3.The Clerk is directed to CLOSE the file.

. Old Dominion Insurance Company, who was dismissed as a defendant on May 13, 2014 (Dkts. 83, 84), filed a notice of non-objection to the Motion (Dkt. 91).

. American Casualty also sued Maryland Casualty and Old Dominion as defendants in this action. However, when an issue of diversity jurisdiction arose (see Dkt. 75), they were dismissed without prejudice pursuant to a settlement (Dkts. 82, 83). Florida First also dismissed its cross-claims against Maryland Casualty and Old Dominion without prejudice (id.).

. The policies were issued to Superior Pharmacy for the following periods: June 18, 2006 to June 18, 2007 (“06-07 Policy”); June 18, 2007 to June 18, 2008, ("07-08 Policy”); June 18, 2008 to June 18, 2009, ("08-09 Policy”); June 18, 2009 to June 18, 2010, (“09-10 Policy”); June 18, 2010 to June 18, 2011, ("10-11 Policy”).

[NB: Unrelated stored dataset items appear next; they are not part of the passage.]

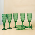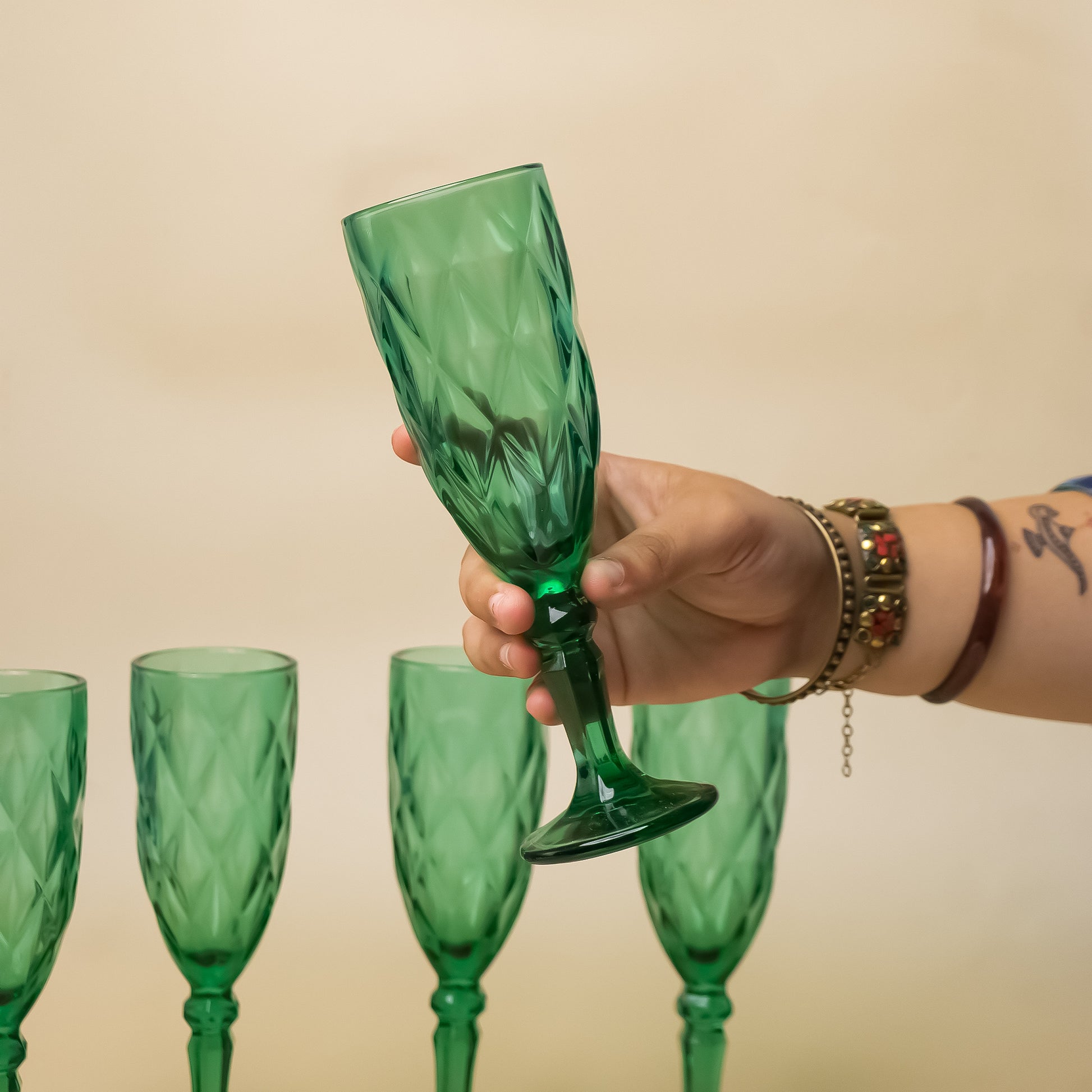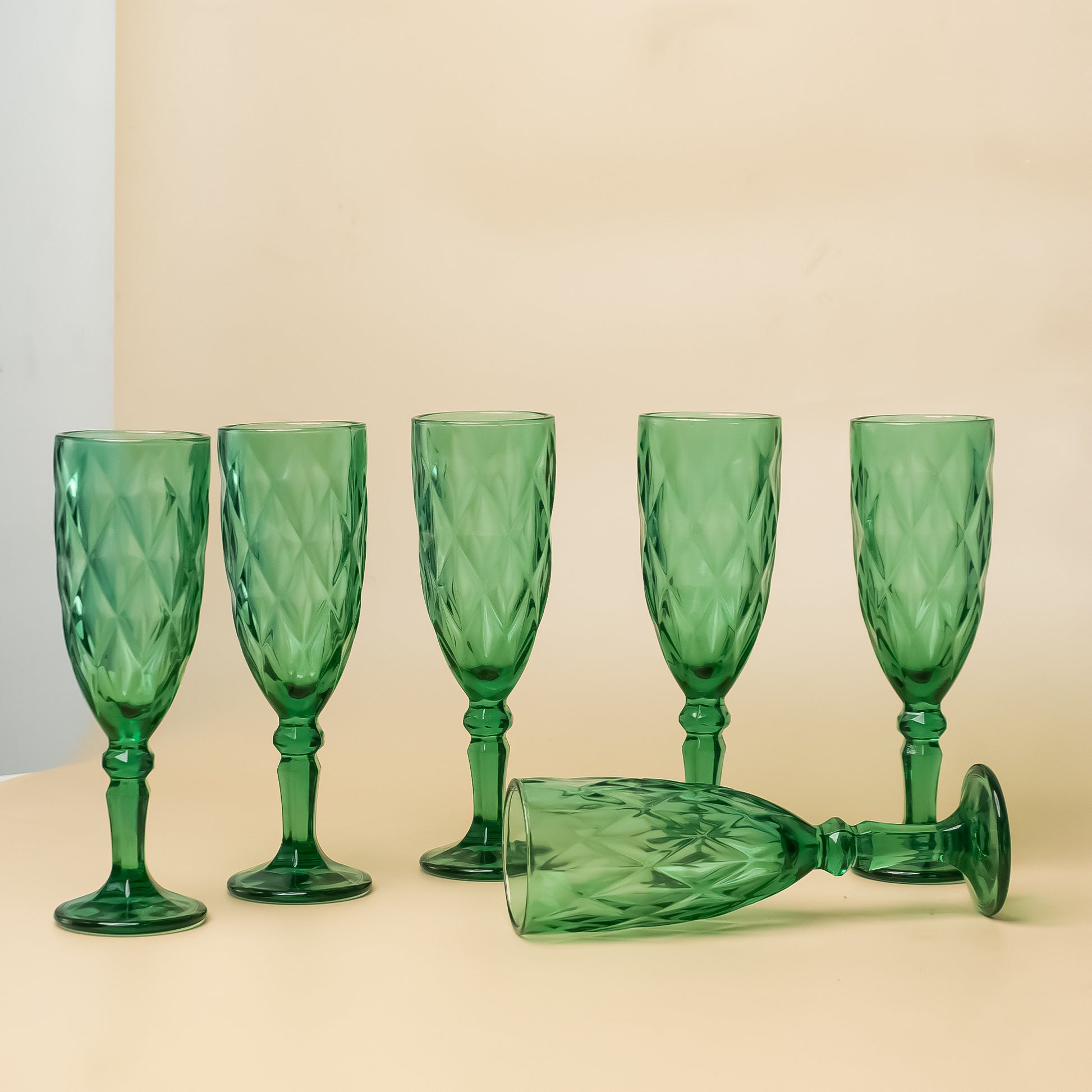 Make your toasts special with this elegant set of six emerald green textured flute glasses. Each glass has a beautiful texture that provides an elegant, angled, tactile, and visual effect! Perfect for champagne, sparkling wine, or cocktails, our brightly-colored contour glasses will fit every celebratory atmosphere vibrantly and exquisitely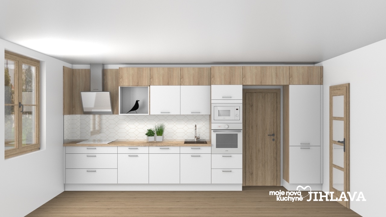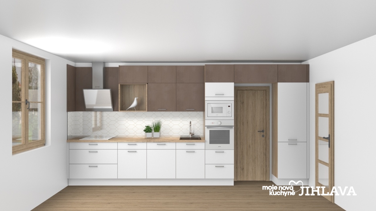 Představa investora byla více méně jasná, rovná linka, „spodní a horní skříňky a určitě ta vestavná trouba ve výšce“, což v tomto prostoru bylo zcela nereálné kvůli dveřím z chodby, které zabírají na stěně místo, pracovní deska kuchyně by byla tak nedostačující, proto byla klientovi navržena možnost “ obestavby“ vstupních dveří z chodby. Celková kuchyně je laděná do zemitých odstínu, ve spodní části použit materiál Ella – bílý hedvábný mat, na horních skříňkách dekor Celine – Kupferbronze .Na pracovní desce a korpusu skříní je použit dřevo dekor Dub Sonoma, dokonale tak zapadne k laminátové podlaze a stávajícím dveřím. Za kuchyňskou linkou se nachází grafosklo s jednoduchou zlatou grafikou v podobě ornamentů. Vedle dveří po pravé straně se nachází vestavná chladnička s mrazákem, nad dveřmi úložný prostor v podobě výklopné skříně se systémem Push-pull a na ní navazuje panel s multifunkční troubou a vestavnou mikrovlnnou troubou ve výšce Na tuto sestavu pak navazuje linka se spodními výsuvy, myčkou a dřezovou skříní.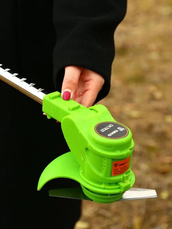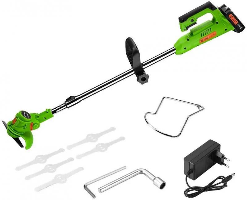 Аккумуляторный триммер DEKO DKTR21 с нижним расположением двигателя и неразборной штангой. Питание от Li-Ion аккумулятора 21 В, время зарядки около 180 минут. Обороты двигателя 11000 об/мин. Диаметр скашивания 14.5 см, используется металлический нож. D-образная рукоятка, защитная скоба. Регулировка длины и угла наклона штанги. В комплект входят аккумулятор, зарядное устройство. Подходит для работы в труднодоступных местах. Вес: 1.9 кг.
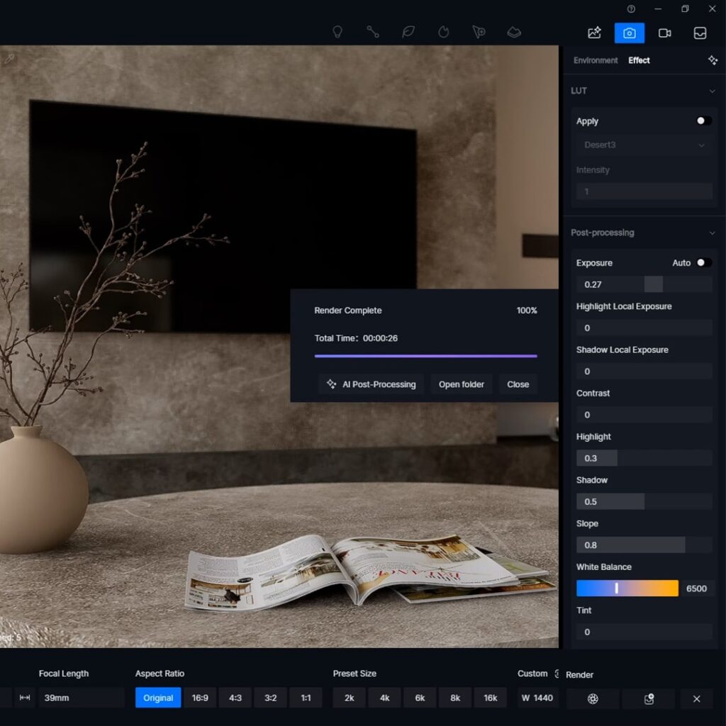 Na końcu ustawiamy rozdzielczość i proporcje wizualizacji, a potem przechodzimy do postprodukcji. Dzięki narzędziom AI możemy poprawić materiały i charakter wizualizacji. Dodatkowo dostosujemy kontrast, nasycenie, ekspozycję czy dodać winietę – wszystko po to, by wizualizacja wyglądała jeszcze lepiej.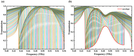(a) Comprehensive transmission spectra without any analyte, with the incident angle ranging from 13° to 70°. Specifically, the rightmost line represents the transmission curve for an angle of 13°, while the leftmost line corresponds to 70°; (b) comprehensive transmission spectra with thick cinnamoylglycine, with the incident angle ranging from 13° to 62°. The corresponding envelope curve has been plotted by red line in the figure.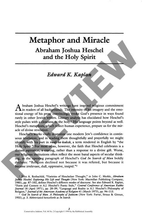 Metaphor and Miracle: Abraham Joshua Heschel and the Holy Spirit

. § 365.1657 does not provide for a private right of action. Condon v. Office Depot, Inc., 855 So.2d 644, 649 (Fla. 2d DCA 2003). However, to fall within the exclusion, the alleged damages need only arise out of an alleged violation of the statute. Defendants also summarily argue that Florida First may still amend its complaint to remove this statutory reference, and therefore this issue is not ripe. Whether there is a duty to defend, however, is determined solely by the allegations against the insured. The operative complaint alleges that the conversion claim is brought in accordance with § 365.1657 and is controlling for the purposes of this declaratory judgment action.

. Because the exclusion applies to both claims, it is not necessary to decide whether the alleged damage would otherwise be covered by the Policies.